In what is one of the most unprecedented displays of fire weather on record, lightning lit up British Columbia on Wednesday [30 June 2021]. Data shows a staggering 710,117 lightning bolts – 5%
of all of Canada’s lightning in an average year – formed over the
province and parts of Alberta.
The concentrated display was caused in
part by fires already burning on the ground that were so intense, they
created their own weather system.

[…]

“The potential for things to burn there is extreme if it gets dry
enough,” Daniel Swain, a climate scientist at the University of
California, Los Angeles, said. “It’s bloody well dry enough. The one
thing we were all hoping wouldn’t happen happened. It’s a little hard to
wrap the numbers around.” […]

Things turned for the worse late on Wednesday. Lytton, a town that
became famous in the preceding days for breaking Canada’s all-time high
temperature three days in a row, burned to the ground.

[…]

Chris Vagasky, a meteorologist and lightning applications manager at
Vaisala, said in an email that the 710,117 lightning events captured by
sensors on the ground that are part of the North American Lightning Detection Network
included “nearly 113,000 cloud-to-ground strokes.” Some of that
lightning was generated by the fires already burning, which created
pyrocumulonimbus clouds.

[…]

That’s what happened on Wednesday at a scale that’s honestly hard to
comprehend.

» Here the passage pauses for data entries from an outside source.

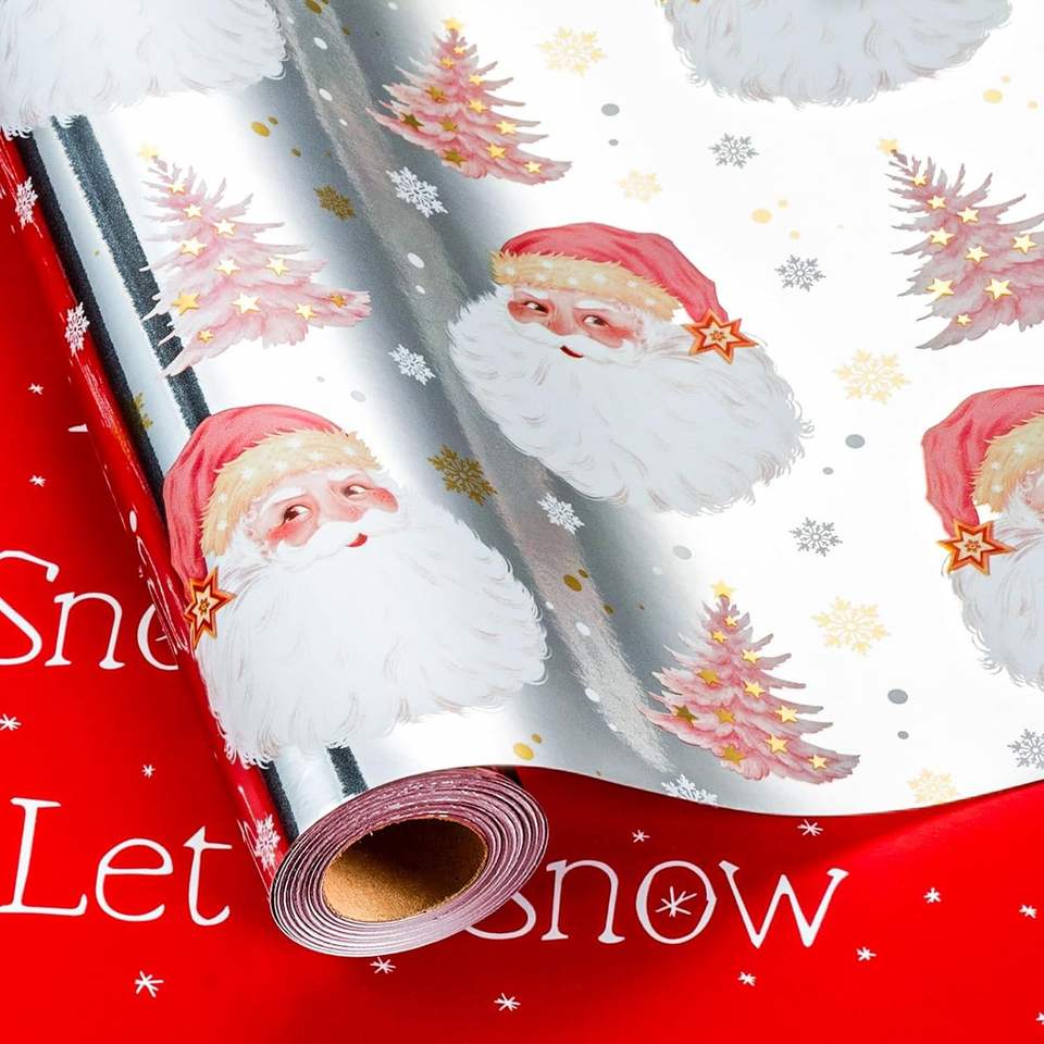 กระดาษห่อของขวัญลายคริสต์มาสแบบกลับด้านได้ สีเงินเมทัลลิก ลายซานต้า ต้นคริสต์มาส สีแดง ลาย Let It Snow ของตกแต่งวันหยุด
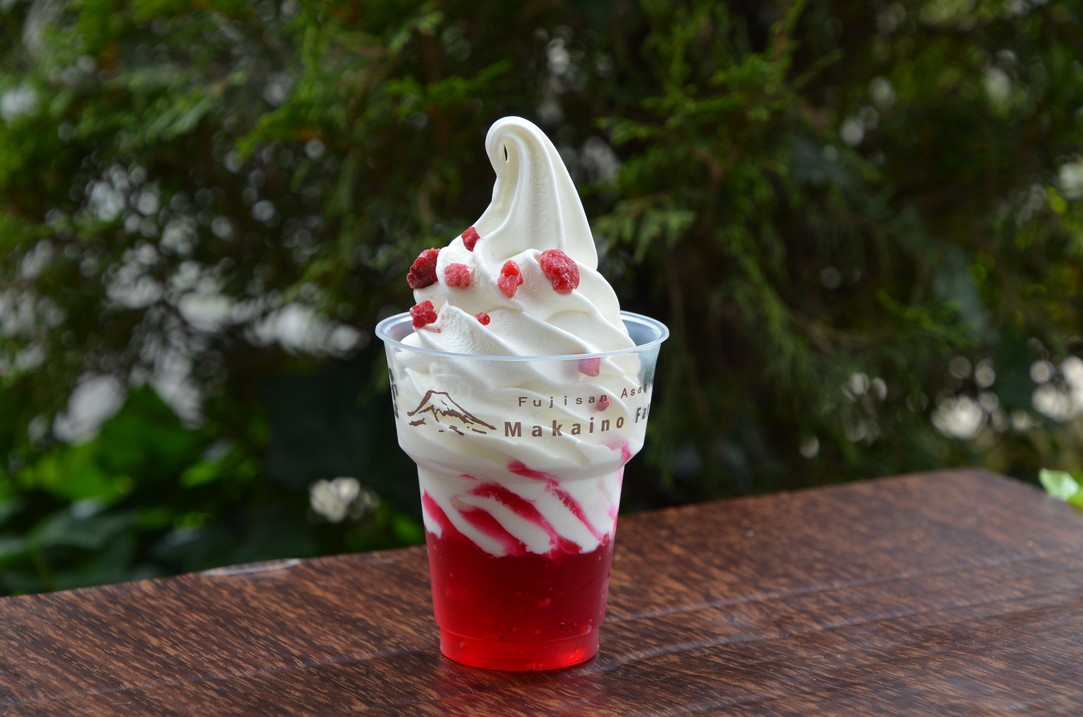 いちご味ゼリーの上に自家製ソフトクリームとラズベリーをトッピングした「赤富士」
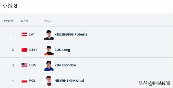 2000米混接1/4:中国队第三组,同组对手为加拿大、比利时、哈萨克斯坦
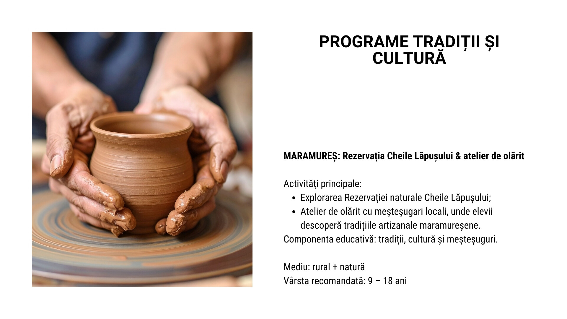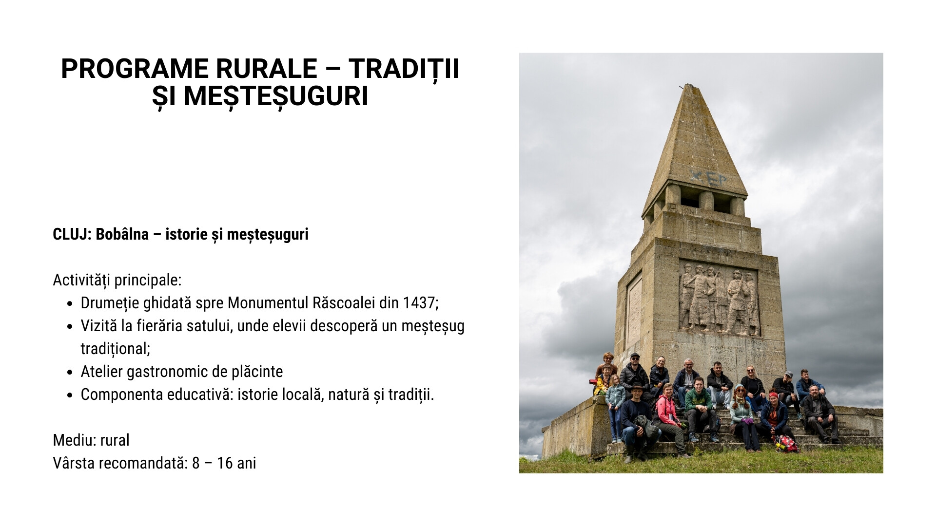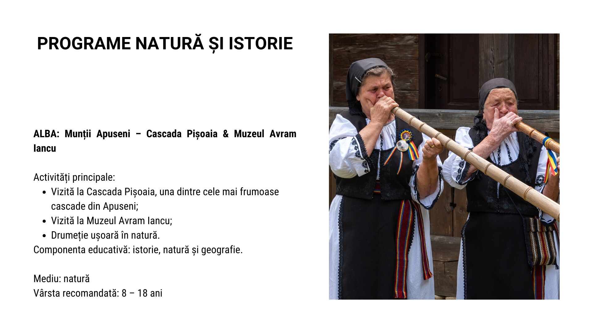 Programele se pot personaliza în funcție de durata dorită, punctul de plecare, vârsta elevilor și obiectivele educaționale, combinând vizite culturale, activități în natură și experiențe interactive.
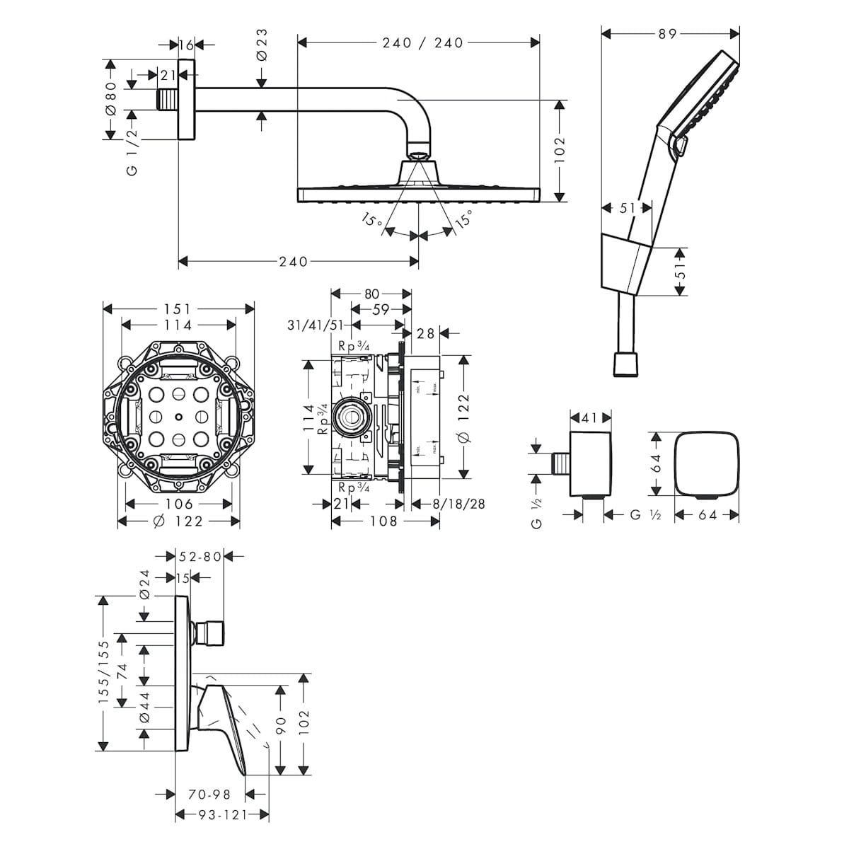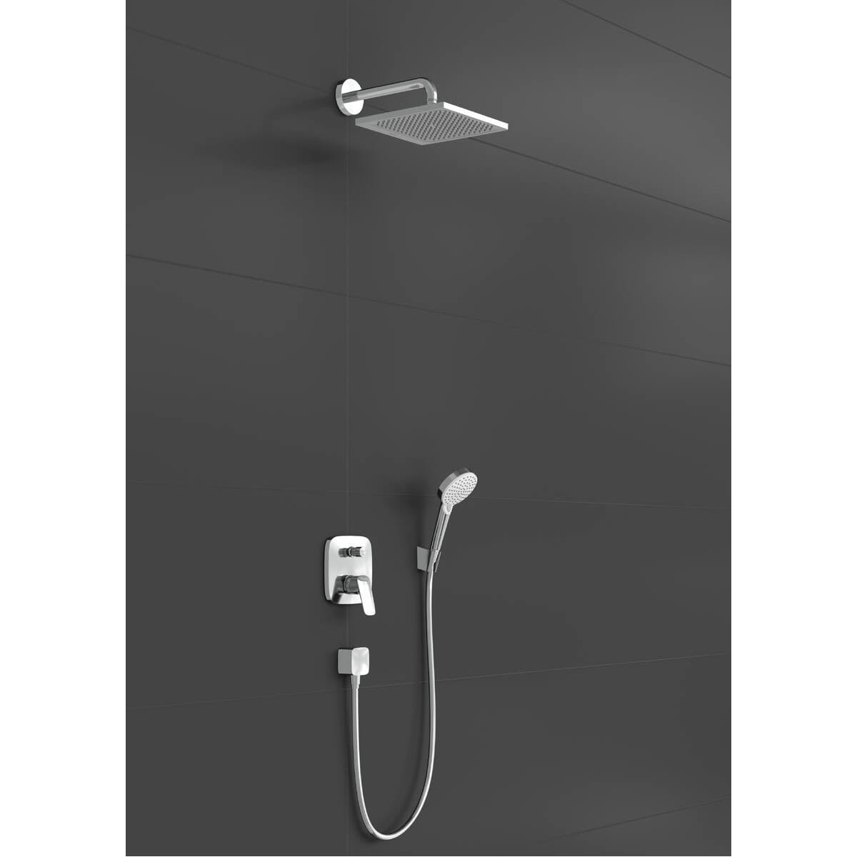 | Комплектация | Верхний душ с кронштейном, Внутренняя часть смесителя, Смеситель скрытого монтажа, Держатель ручной лейки, Душевая лейка, Крепление |
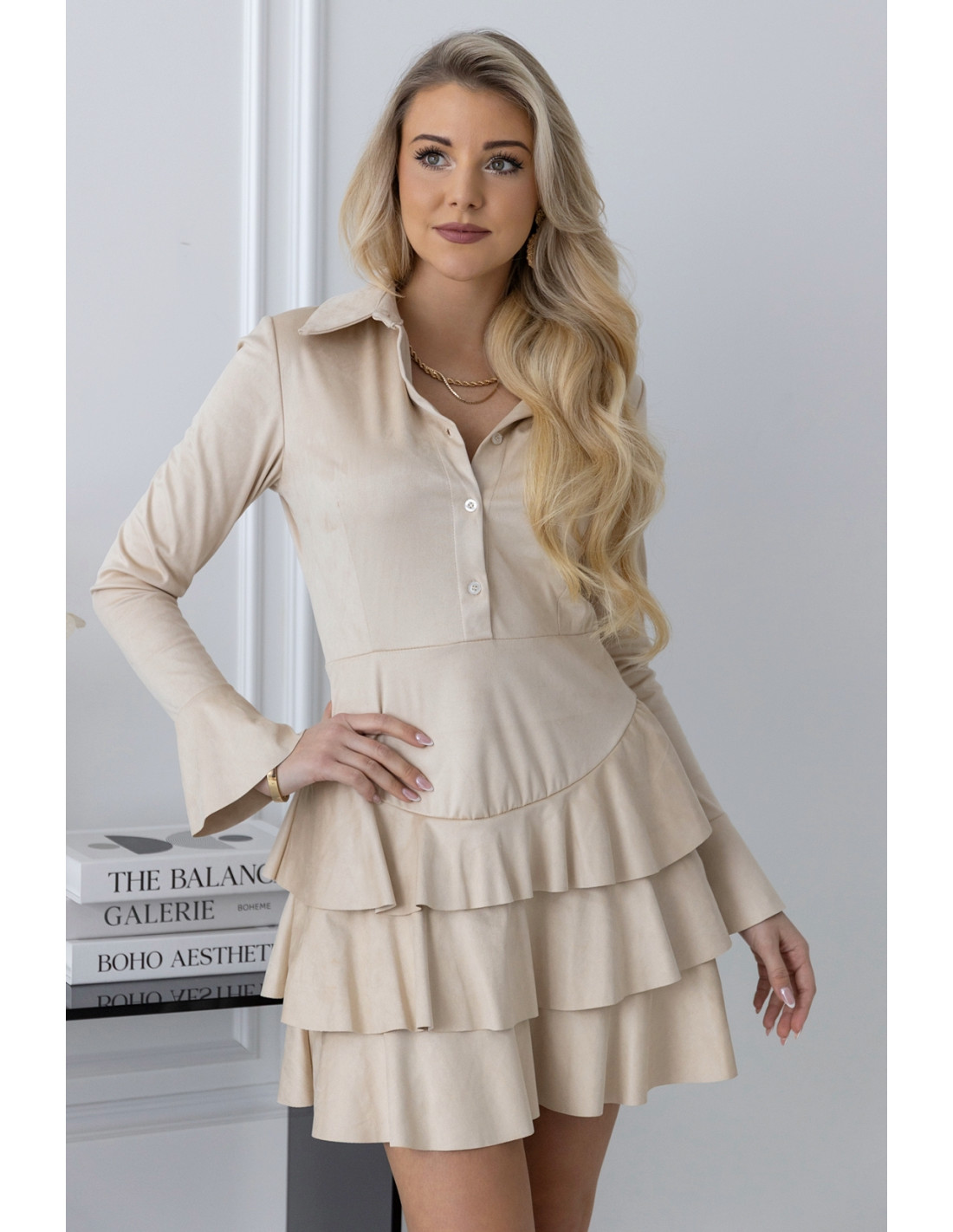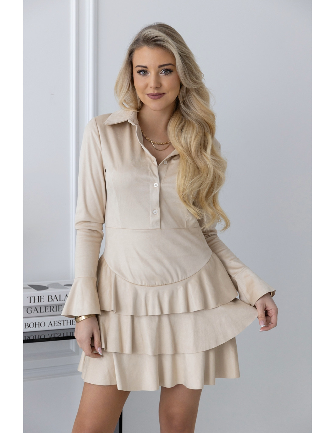 Sukienka zamszowa a'la szmizjerka beż. Sukienka zamszowa szmizjerka z kołnierzykiem o kroju, który fantastycznie układa się na ciele. Sukienka zapinana jest w górnej części na guziki,w dolnej części 3 falbany.Dzięki długości mini nogi są wyeksponowane a dopasowana góra z długimi rękawami  subtelnie zakrywa ciało. Możesz ją z powodzeniem założyć na randkę oraz przyjęcie okolicznościowe
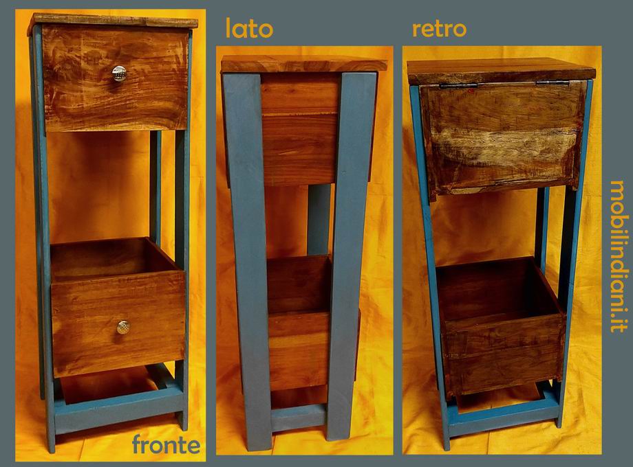Mobiletto stile vintage alto 1 cassetto con coperchio + 1 cassetto aperto. Fasce laterali color "jeans" Realizzato artigianalmente in legno sheesham (noce) massello, molto robusto.Cm.35,5x31 h.103 COSTO TRASPORTO €. 35,38 Iva Inclusa. Per costi trasporto Isole, chiedi info su WhatsApp o mail: info@mobilindiani.it
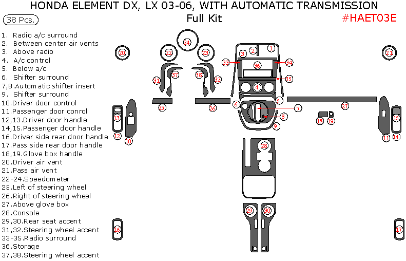 Honda Element 2003, 2004, 2005, 2006, DX LX, With Automatic Transmission, Full Interior Kit, 38 Pcs.
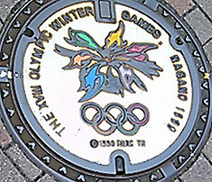 長野市のマンホールは、一つはオリンピックのデザイン、もう一つはリンゴのデザインで、どちらも綺麗。
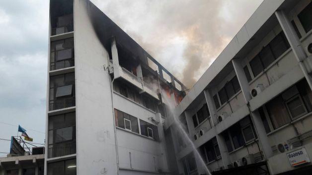 เจ้าหน้าที่อยู่ระหว่างดำเนินการดับเพลิงโดยแสงเพลิงลามเป็นแนวยาว ลุกรุนแรงอยู่ด้านใน เจ้าหน้าที่กำลังพังประตู เข้าไปชั้น 4 และชั้น 5 เพื่อเข้าไปถึงจุดต้นเพลิง เพลิงยังคงลุกไหม้
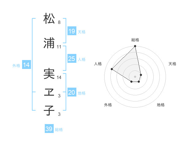 松浦 実ヱ子さんを姓名の画数から五運を鑑定

The most recent notable example of a lightning-driven
firestorm occurred in California last August [2020].
But even that’s not really a great analog; Vagasky noted that, during
that storm, “there were about 20,000 cloud-to-ground strokes” over a
four-day period – a fraction of what happened in Canada on Wednesday [113,000 cloud-to-ground strokes in one day].
The
heat then was also nowhere near as extreme as what the Pacific Northwest
just saw.

Swain said some of the satellite imagery
shows the clouds reached heights near 60,000 feet (18,288 meters) above
the Earth’s surface. That allowed them to punch through the tropopause, a
boundary that delineates the lower atmosphere from the stratosphere,
and pump smoke into the upper atmosphere. This is extremely rarified
fire behavior. “It essentially looked a lot like a pretty significant volcanic eruption,” Swain said. […]

“This is going to affect a bunch of tribal areas and Indigenous lands
that don’t have the same relatively minimal level of resources these
incorporated towns have in BC,” Swain said.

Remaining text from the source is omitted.